Kamonchanok Seeken

Sport
- Country: Thailand
- Sport: Taekwondo
- Weight class: 46 kg, 49 kg

Medal record
Women's taekwondo
Representing Thailand
World Championships
| Silver medal – second place | 2023 Baku | 46 kg |
Asian Championships
| Silver medal – second place | 2024 Da Nang | 46 kg |
SEA Games
| Silver medal – second place | 2025 Thailand | 49 kg |
World University Games
| Bronze medal – third place | 2025 Rhine-Ruhr | 49 kg |

= Kamonchanok Seeken =

Thai taekwondo practitioner

Kamonchanok Seeken (กมลชนก สีเคน; born 19 June 2006) is a taekwondo practitioner from Thailand. She was a silver medalist at the 2023 World Taekwondo Championships.

==Career==
She started in taekwondo when she was three years-old. She started training with the Thai national team when she was 13 years-old. She won the silver medal at the 2022 World Taekwondo Junior Championships in the 49 kg category, in Sofia, Bulgaria in August 2022.

She won the silver medal in the Women's finweight at the 2023 World Taekwondo Championships in Baku as a 17 year-old. In July 2023, she won bronze at the Muju Taekwondowon 2023 World Taekwondo Grand Prix Challenge.

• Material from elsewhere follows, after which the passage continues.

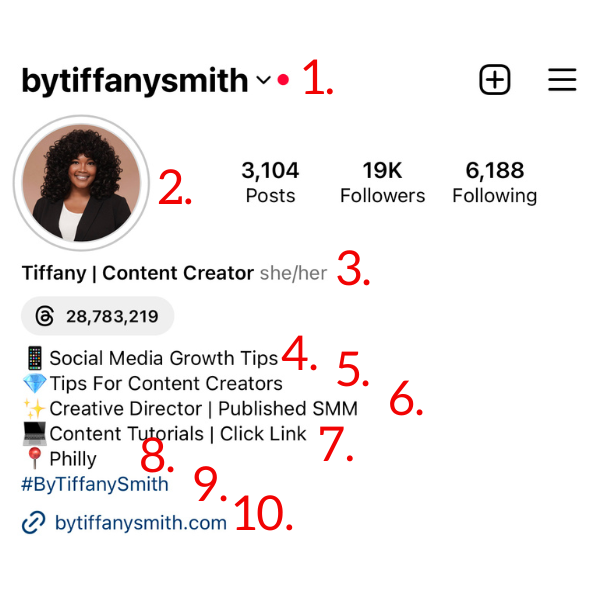 Choose a username that is easy to remember and relevant to your brand or personal identity. Avoid using special characters or numbers that might confuse people. Make sure your username across ALL social platforms is the same. You never know where your traffic may come from, make it easier for your audience to find you.
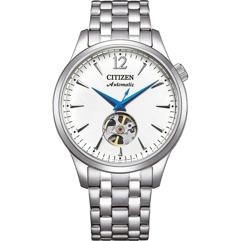A Citizen Automatic férfi karóra NH9131-73A karóra házának anyaga Nemesacél, színe Ezüst, a szíjának anyaga Nemesacél és a színe Ezüst. Az óratok átmérője 40 mm, alakja Kerek. A karóra üvege Kristály (nehezen karcolható), szerkezete Automata és vízállósága 5 atm (50m) (erősen cseppálló).

She was a silver medalist in the Finweight −46 kg category at the 2024 Asian Taekwondo Championships in Da Nang, Vietnam. In November 2024, she won her first championship in the 49 kg category in Zagreb, Croatia. That month, she was announced by Coach Che’, the Thai national taekwondo coach, to be competing at the 2025 World Championships, in place of two-time Olympic gold medalist Panipak Wongpattanakit.

She won the -49 kg division at the 2025 Dutch Open, and 2025 Belgian Open, in March 2025. Seeken was a bronze medalist in the flyweight division at the 2025 Summer World University Games in Germany. Seeken was a silver medalist at the 2025 SEA Games in December, losing to Tachiana Mangin of the Philippines in the 49 kg final.